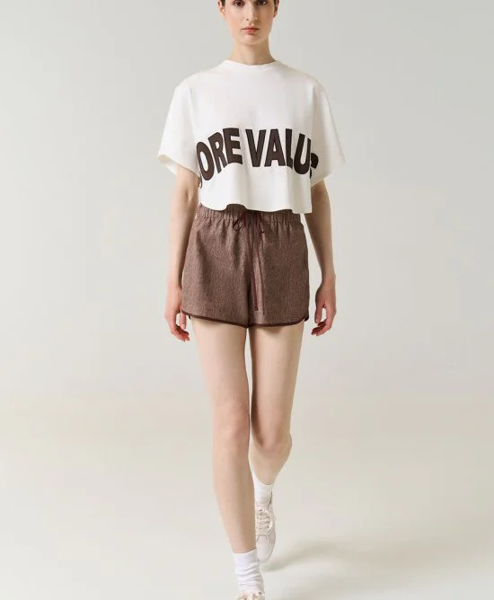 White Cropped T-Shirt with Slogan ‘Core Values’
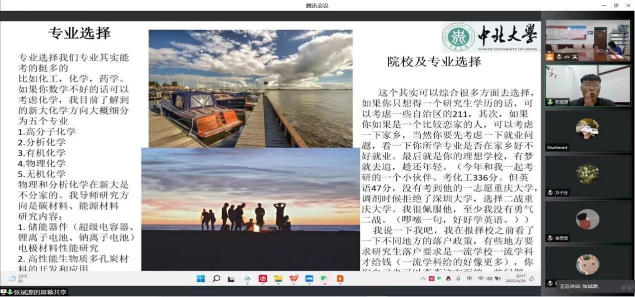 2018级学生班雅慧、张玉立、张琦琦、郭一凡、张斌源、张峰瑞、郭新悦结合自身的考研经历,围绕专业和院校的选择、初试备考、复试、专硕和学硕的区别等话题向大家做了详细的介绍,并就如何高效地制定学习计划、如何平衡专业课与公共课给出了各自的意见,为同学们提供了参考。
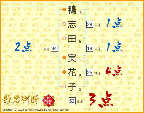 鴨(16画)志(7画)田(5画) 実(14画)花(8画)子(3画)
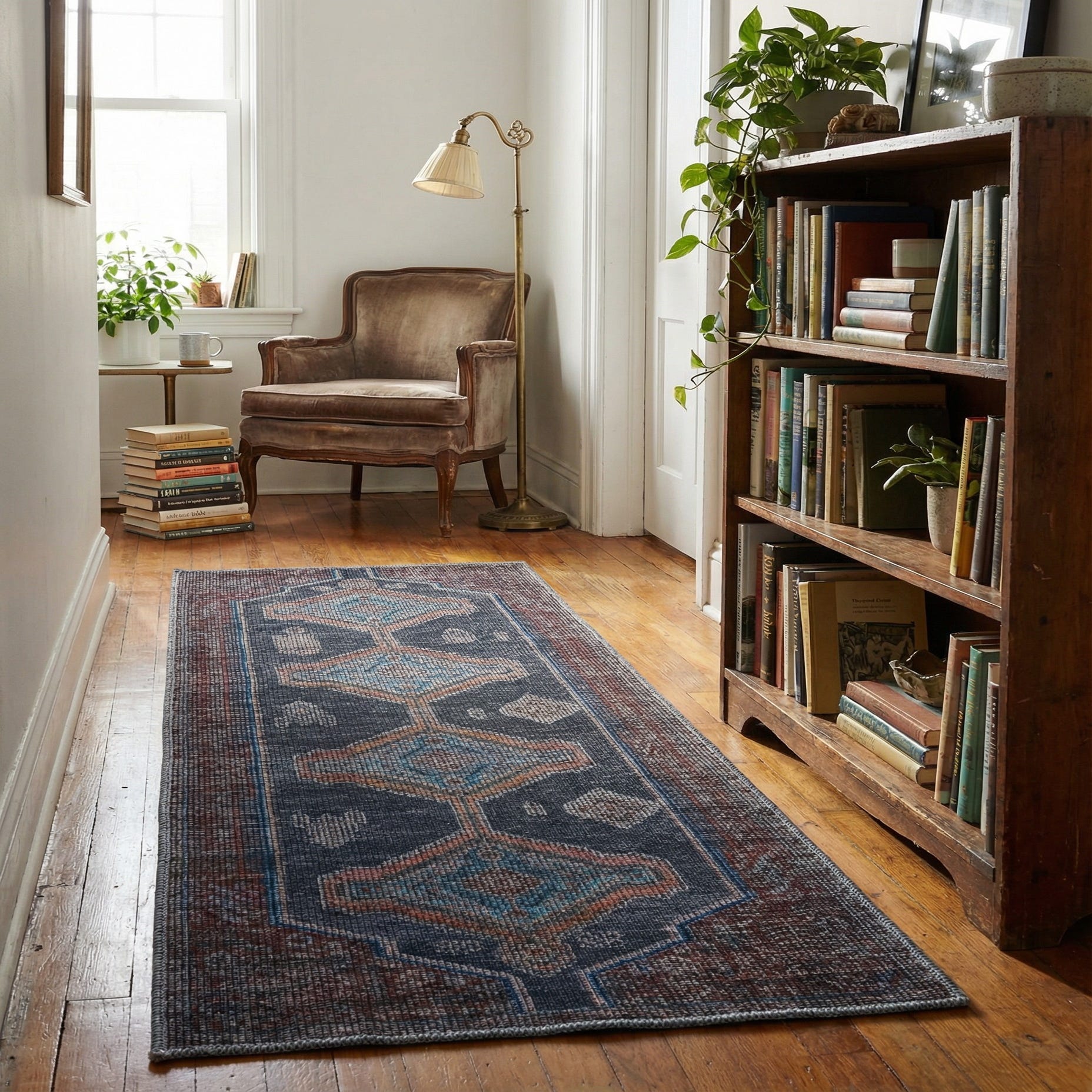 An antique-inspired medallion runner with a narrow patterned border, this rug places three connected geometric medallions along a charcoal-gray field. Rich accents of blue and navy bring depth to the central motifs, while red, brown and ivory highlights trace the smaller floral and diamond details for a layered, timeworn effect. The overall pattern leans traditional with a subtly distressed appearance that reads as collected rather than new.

• **What you have to do**:
Output an exact copy of the material, with the pictures removed.

• **Finished task**:
 White Cropped T-Shirt with Slogan ‘Core Values’
 2018级学生班雅慧、张玉立、张琦琦、郭一凡、张斌源、张峰瑞、郭新悦结合自身的考研经历,围绕专业和院校的选择、初试备考、复试、专硕和学硕的区别等话题向大家做了详细的介绍,并就如何高效地制定学习计划、如何平衡专业课与公共课给出了各自的意见,为同学们提供了参考。
 鴨(16画)志(7画)田(5画) 実(14画)花(8画)子(3画)
 An antique-inspired medallion runner with a narrow patterned border, this rug places three connected geometric medallions along a charcoal-gray field. Rich accents of blue and navy bring depth to the central motifs, while red, brown and ivory highlights trace the smaller floral and diamond details for a layered, timeworn effect. The overall pattern leans traditional with a subtly distressed appearance that reads as collected rather than new.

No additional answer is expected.